## [BRIEF]
Each line starting at the one that contains "Když loni na" and ending at the one that contains "Toro CCR 3650" must be returned exactly, and the rest of the listing is left out.

## [DATA SECTION]
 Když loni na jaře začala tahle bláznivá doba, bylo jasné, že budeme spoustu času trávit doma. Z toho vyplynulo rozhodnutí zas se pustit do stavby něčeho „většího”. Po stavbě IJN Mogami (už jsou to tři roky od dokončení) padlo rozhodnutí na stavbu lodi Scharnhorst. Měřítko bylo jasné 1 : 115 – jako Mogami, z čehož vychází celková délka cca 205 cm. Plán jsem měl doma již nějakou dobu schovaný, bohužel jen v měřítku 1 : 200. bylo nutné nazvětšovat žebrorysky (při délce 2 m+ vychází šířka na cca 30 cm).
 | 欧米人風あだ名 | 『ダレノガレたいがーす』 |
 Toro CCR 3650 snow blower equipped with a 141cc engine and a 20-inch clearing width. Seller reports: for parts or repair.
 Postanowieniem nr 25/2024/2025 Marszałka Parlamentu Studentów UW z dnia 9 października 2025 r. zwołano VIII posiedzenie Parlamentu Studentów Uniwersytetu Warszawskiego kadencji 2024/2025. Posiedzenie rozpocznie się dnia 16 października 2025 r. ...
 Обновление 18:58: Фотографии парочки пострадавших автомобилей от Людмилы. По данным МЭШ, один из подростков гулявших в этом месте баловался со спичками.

---

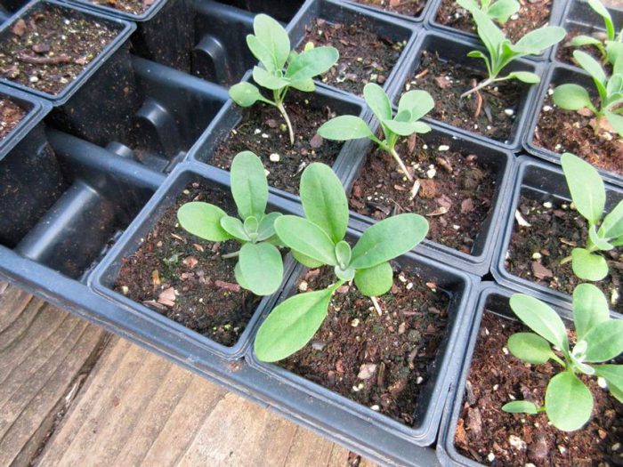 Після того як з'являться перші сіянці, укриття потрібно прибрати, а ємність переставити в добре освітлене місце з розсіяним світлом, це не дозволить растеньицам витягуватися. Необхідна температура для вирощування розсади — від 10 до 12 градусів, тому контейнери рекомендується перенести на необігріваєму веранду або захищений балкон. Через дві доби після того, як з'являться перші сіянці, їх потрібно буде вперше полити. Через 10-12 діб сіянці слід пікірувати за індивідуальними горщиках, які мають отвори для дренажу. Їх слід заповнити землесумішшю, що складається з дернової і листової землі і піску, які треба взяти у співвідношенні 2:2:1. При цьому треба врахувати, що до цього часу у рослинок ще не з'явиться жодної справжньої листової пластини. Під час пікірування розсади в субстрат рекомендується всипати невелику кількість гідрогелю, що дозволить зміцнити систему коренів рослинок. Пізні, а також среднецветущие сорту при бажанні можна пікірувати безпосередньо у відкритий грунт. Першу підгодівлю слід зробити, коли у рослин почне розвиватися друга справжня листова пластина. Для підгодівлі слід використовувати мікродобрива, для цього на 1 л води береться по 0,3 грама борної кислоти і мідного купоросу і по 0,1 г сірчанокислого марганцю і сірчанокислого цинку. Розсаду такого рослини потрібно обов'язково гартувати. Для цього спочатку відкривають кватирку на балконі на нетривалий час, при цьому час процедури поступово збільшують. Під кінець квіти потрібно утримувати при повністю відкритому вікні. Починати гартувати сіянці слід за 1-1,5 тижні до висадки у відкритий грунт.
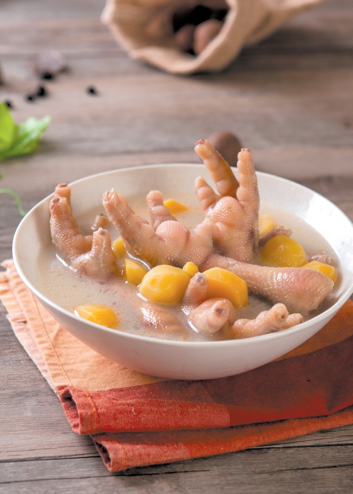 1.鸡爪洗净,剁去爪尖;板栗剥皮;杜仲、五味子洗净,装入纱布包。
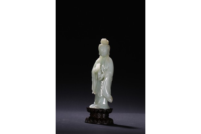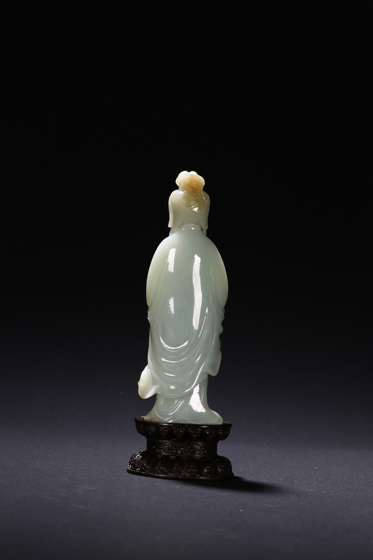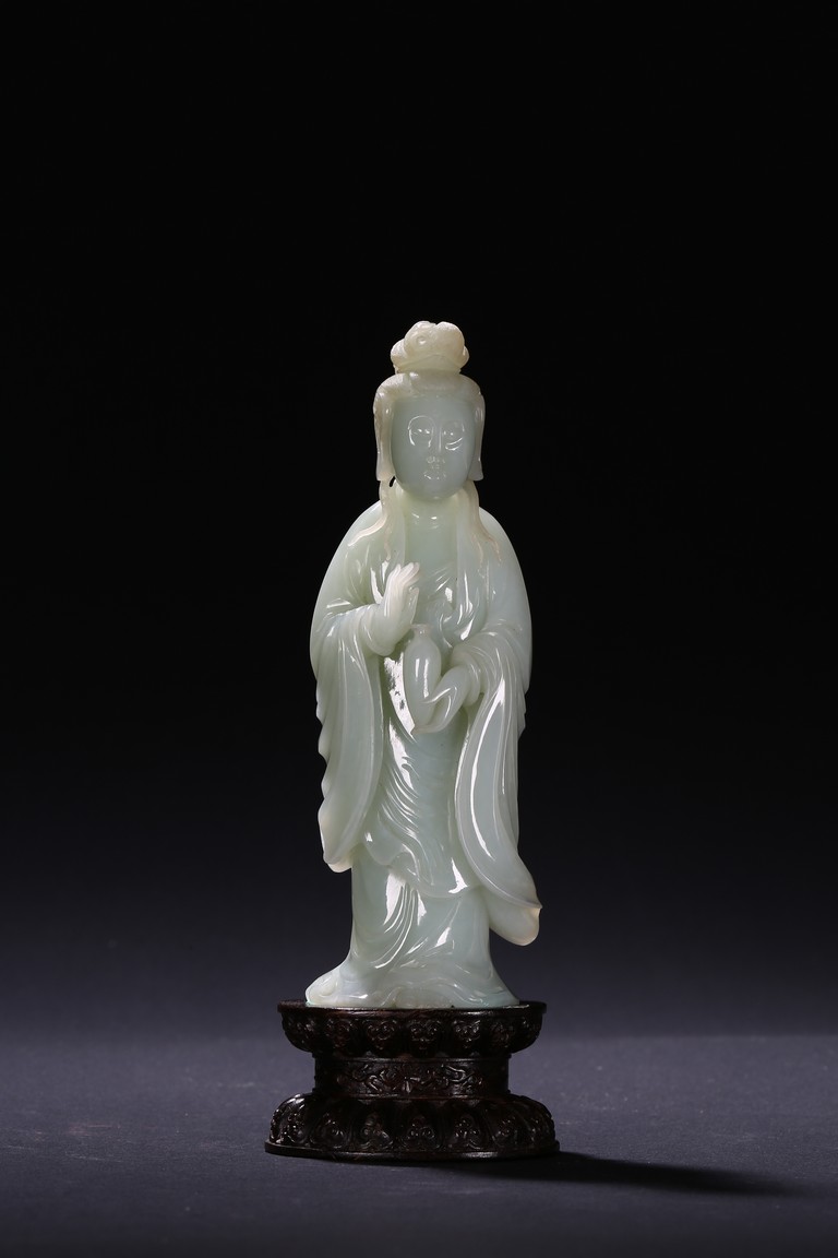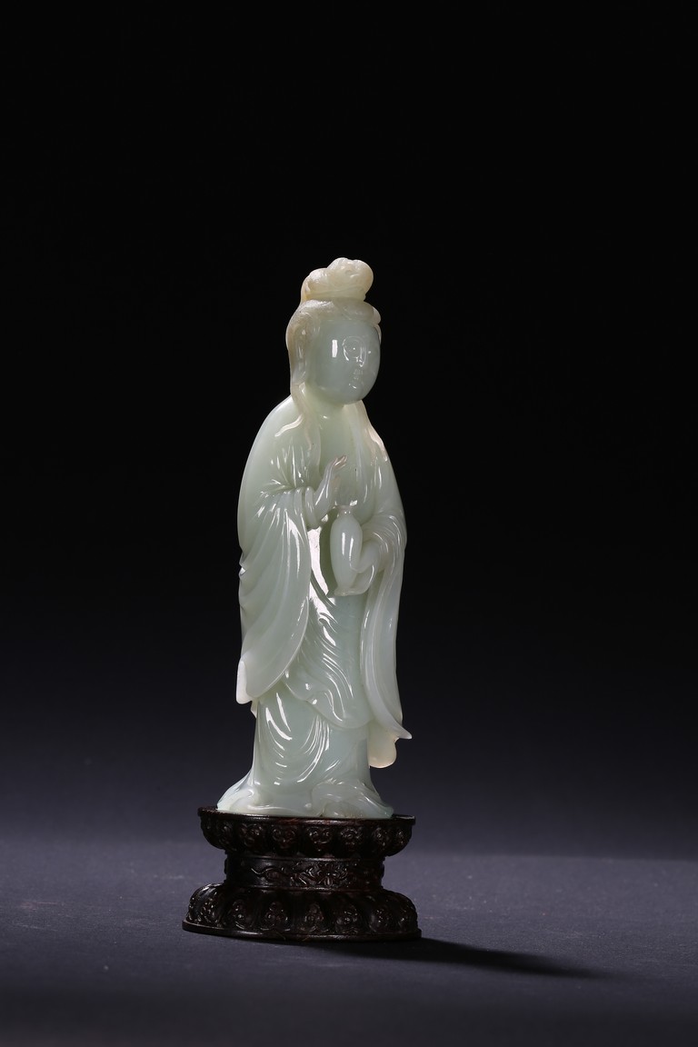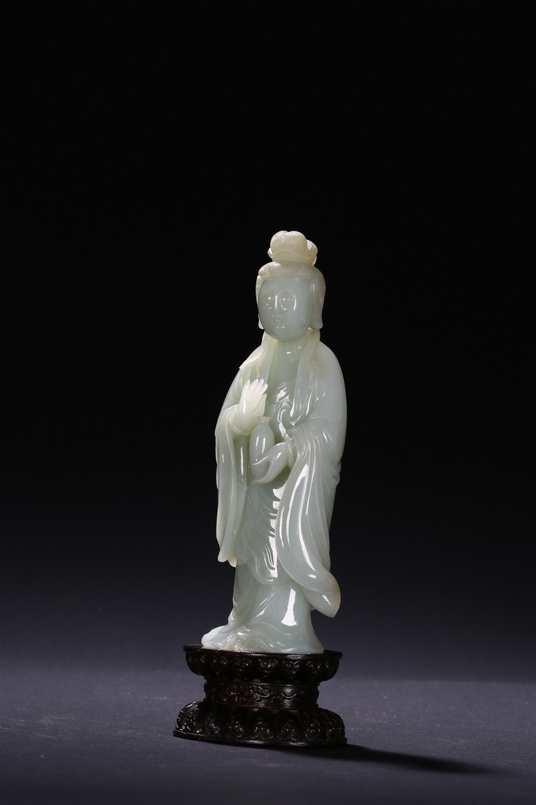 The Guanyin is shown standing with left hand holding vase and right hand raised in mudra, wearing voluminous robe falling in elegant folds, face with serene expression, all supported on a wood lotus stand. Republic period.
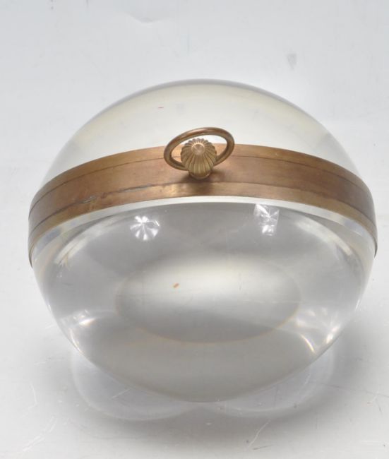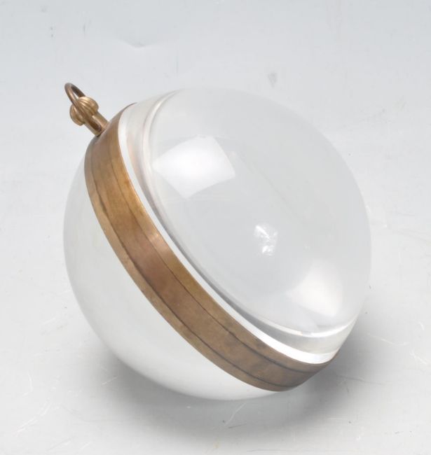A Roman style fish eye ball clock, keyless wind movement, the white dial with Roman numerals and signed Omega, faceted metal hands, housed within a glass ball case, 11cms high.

## [COMPLETED TASK]
 Když loni na jaře začala tahle bláznivá doba, bylo jasné, že budeme spoustu času trávit doma. Z toho vyplynulo rozhodnutí zas se pustit do stavby něčeho „většího”. Po stavbě IJN Mogami (už jsou to tři roky od dokončení) padlo rozhodnutí na stavbu lodi Scharnhorst. Měřítko bylo jasné 1 : 115 – jako Mogami, z čehož vychází celková délka cca 205 cm. Plán jsem měl doma již nějakou dobu schovaný, bohužel jen v měřítku 1 : 200. bylo nutné nazvětšovat žebrorysky (při délce 2 m+ vychází šířka na cca 30 cm).
 | 欧米人風あだ名 | 『ダレノガレたいがーす』 |
 Toro CCR 3650 snow blower equipped with a 141cc engine and a 20-inch clearing width. Seller reports: for parts or repair.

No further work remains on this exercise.